= Scott Baker (judge) =

English judge

Sir Thomas Scott Gillespie Baker, PC (born 10 December 1937) is a retired English Court of Appeal judge. Scott Baker is the eldest son of Sir George Baker, a former High Court judge who was President of the Family Division from 1971 to 1979. One of his brothers, Judge Michael Baker, KC, was the Resident judge at St Albans Crown Court.

== Education ==
Scott Baker was educated at Haileybury & Imperial Service College, and studied at Brasenose College, Oxford. He was a member of Chorleywood Urban District Council from 1964 to 1967. He married Margaret Joy Baker on 10 February 1973. The couple has two sons and one daughter.

== Career ==
He was called to the bar at the Middle Temple in 1961, and practised in a range of legal areas, including family finance cases, and professional negligence. He became a recorder in 1976, and was appointed a Queen's Counsel in 1978. He became a Bencher at Middle Temple in 1985. He was a member of the Committee that inquired into human fertilisation in 1982 to 1984, chaired by Mary Warnock, which led to the Human Fertilisation and Embryology Act 1990.

He was appointed as a High Court judge in 1988 (and was styled Mr Justice Scott Baker), receiving the customary knighthood, and allocated to the Family Division. He moved to the Queen's Bench Division in 1993.

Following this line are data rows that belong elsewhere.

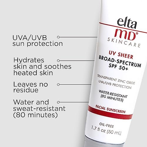 EltaMD UV Sheer Face Sunscreen, SPF 50+ No White Cast Sunscreen for Face and Bod…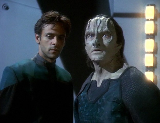 There’s also Carrie Stauber as the female Romulan prisoner aboard the internment camp. Soon, Garak, Worf, Bashir, the female Romulan and every other prisoner get beamed out to the runabout.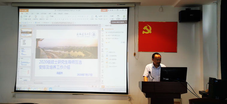 冯绍杰院长解读上级相关文件精神和要求;并重点介绍安建大-中科院合肥院联合培养2020级研究生情况和细则,就学生关心的问题进行了交流并给与详细解答。(文/图:陈建利;审稿:冯绍杰)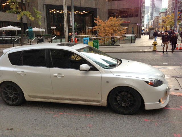 Just now..... Spotted a larked grey 2010+ Mazda3 sedan. Stock height on steelies, tinted windows and rear tail lights. Also blacked out front and rear emblems. This is by Wild Wings parking lot in Heartland... Mississauga.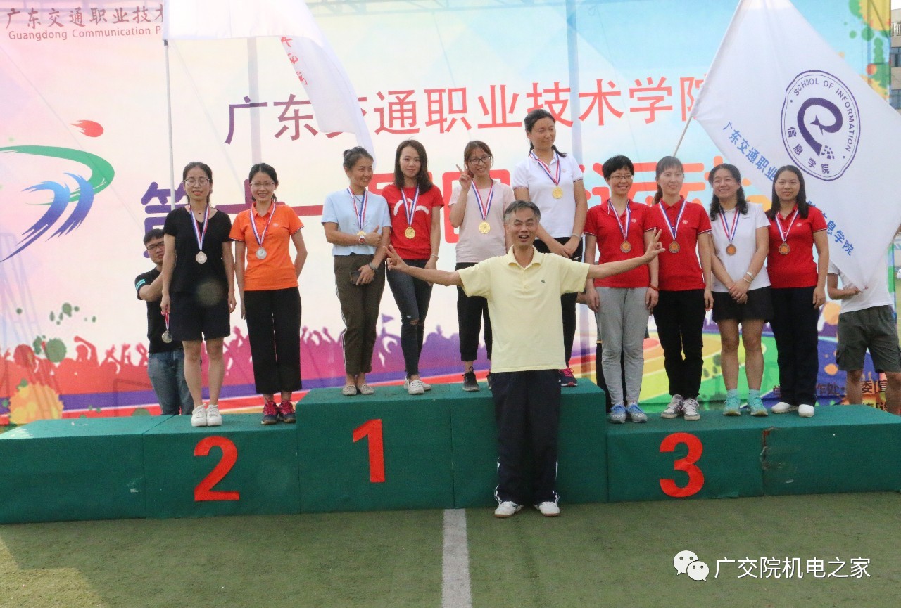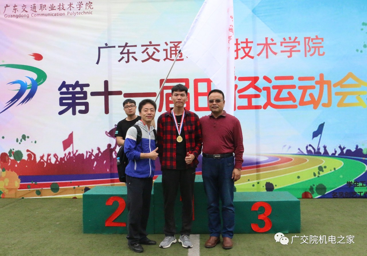 在机电健儿们的拼搏努力下,我院在本届校运会中取得非常喜人的成绩! 其中郭新老师夺得了教职工女子跳远冠军、教职工女子100米季军;蔡丹妮老师荣获教职工女子铅球亚军;杨伟莹老师、郭新老师、蔡丹妮老师勇夺教职工女子4*100米接力亚军;张镇澎同学男子1500米冠军、李舒婷同学女子1500米季军,陈卓尧、江岚坤、肖铸家和张镇澎获得男子4*400米亚军等,我院荣获团体总分三等奖。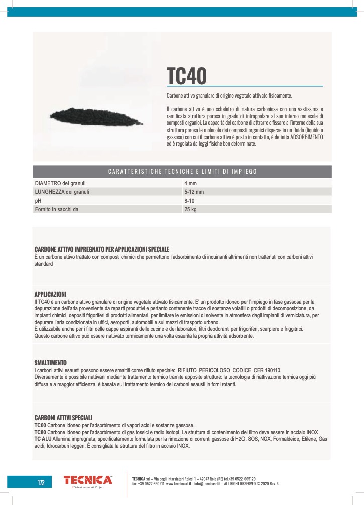Il TC40 è un carbone attivo granulare di origine vegetale attivato fisicamente. E’ un prodotto idoneo per l’impiego in fase gassosa per la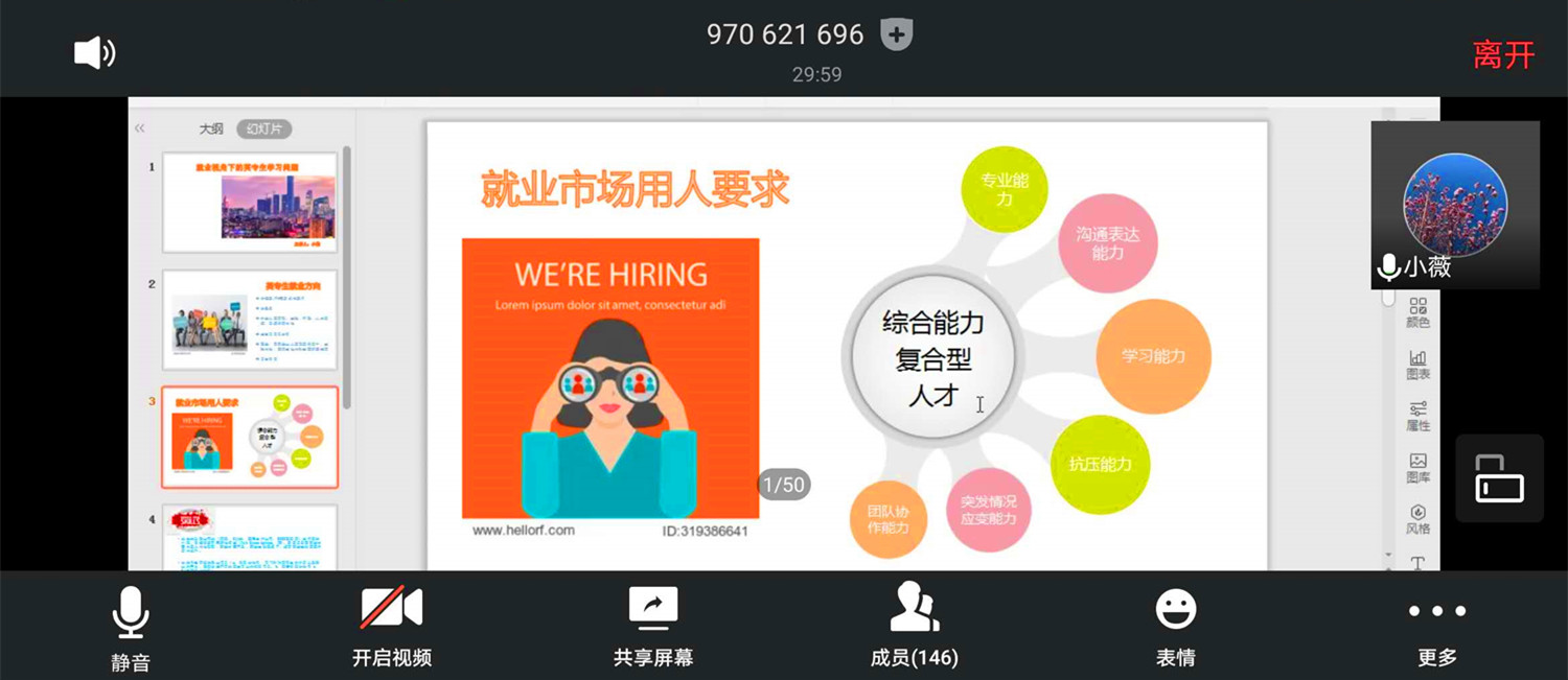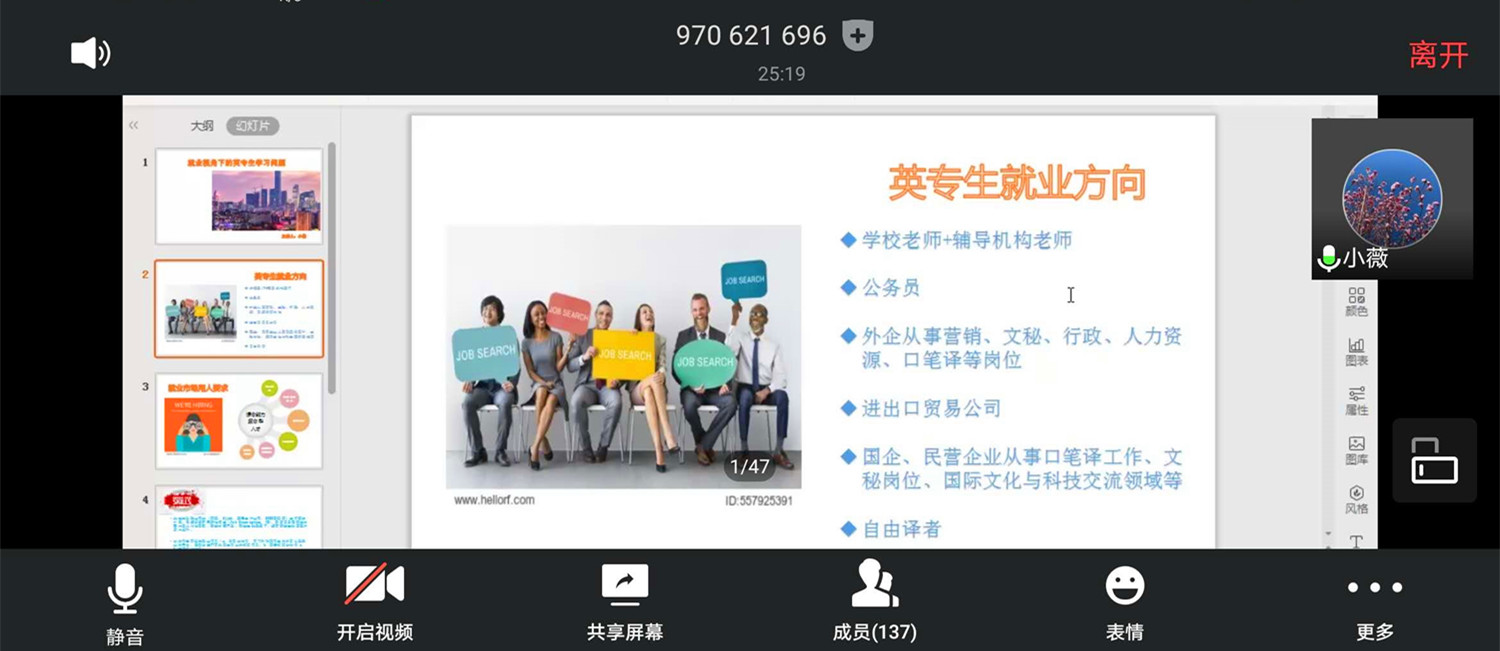 此次成长导航讲座,邹薇老师凭借其丰富的职场履历,分别从英专生就业方向、就业市场用人需求、英专生求职技巧等为切入点,与一同连线的英专学生们分享了自己在职场中不断成长积累的丰富经验。邹老师强调,英专生要不断扩大自己的外围知识,重视各专业领域的英文资料的收集和积累,多去图书馆,多参与社会实践,促进自身听说读写译各方面能力的齐头并进。邹老师鼓励英专生们学会分享学习和合作学习,以寝室为单位建立学习小组,分享交流,互相提高。

He was Presiding Judge of the Wales and Chester Circuit from 1991 to 1995, and a member of the Parole Board from 1999 to 2002. He was the Lead Judge of the Administrative Court from 2000 to 2002. In 1999, he presided over the trial of Great Western Trains following the Southall rail crash in 1997.

He dismissed charges of corporate manslaughter, as there was no identifiable individual in the company who was also guilty of gross negligence, but levied a then-record fine for health and safety offences of £1.5m. His judgment was upheld on appeal. The same year, Baker presided at the trial of Jonathan Aitken on charges of perjury following the collapse of Aitken's libel suit against The Guardian.

Baker was promoted in 2002, becoming a Lord Justice of Appeal. He was Treasurer of his Inns of Court, the Middle Temple, in 2004. He sat as coroner for the inquests into the deaths of Princess Diana and Dodi Fayed from 2 October 2007 to 7 April 2008.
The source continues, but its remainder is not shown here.